Boolean Algebra Simplification

Question

I have to simplify

A'BC' + A'B'C + A'BC + ABC

My result was

A'BC

Is this correct?

Answer 1

Edited: $$ A'B C' + A'B'C + A'BC + ABC \\ =A'(B C' + B'C) + (A' + A)BC\\= A'(B C' + B'C) + BC$$ OK I simplified this. It is still not what you have. You can see that your answer is wrong by plugging in $\{A,B,C\} = \{1,1,1\}$. Your final expression evaluates to false (i.e. $0$), but the original one evaluates to $(0+0+0+1) = 1 \Rightarrow$ true.

Answer 2

We will use the Karnaugh map technique: We make a chart and put $\times$es into the four slots that correspond to the four terms in your original CNF formula:

$$\begin{array}{c|cccc} & AB & AB' & A'B' & A'B \\ \hline C & \times & & \times & \times \\ C' & & & & \times \end{array} $$

In the Karnaugh map technique, we look for adjacent pairs of $\times$, lines of four, or blocks of four, and we imagine that the left and right ends of the chart are connected. There are no lines or blocks of four, but we can cover the four $\times$ with the three pairs $A'B$ (the vertical pair on the right), $A'C$ (the horizontal pair un the upper-right corner), and $BC$ (the horizontal pair wrapping from the upper right to the upper left corner).
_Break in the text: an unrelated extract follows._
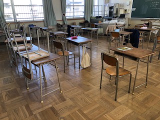 新しいクラスの人数に合わせて机やいすを移動しました。5年生ががんばって運んでいます。

So the original formula is equivalent to $$A'B + A'C + BC.$$

If desired, we can factor out the $A'$ from the first two terms to obtain $A'(B+C) + BC$, or the $C$ from the second two terms to obtain $A'B + (A' + B)C$.

If your answer $A'BC$, were correct, only one box would be filled, so your answer is not correct.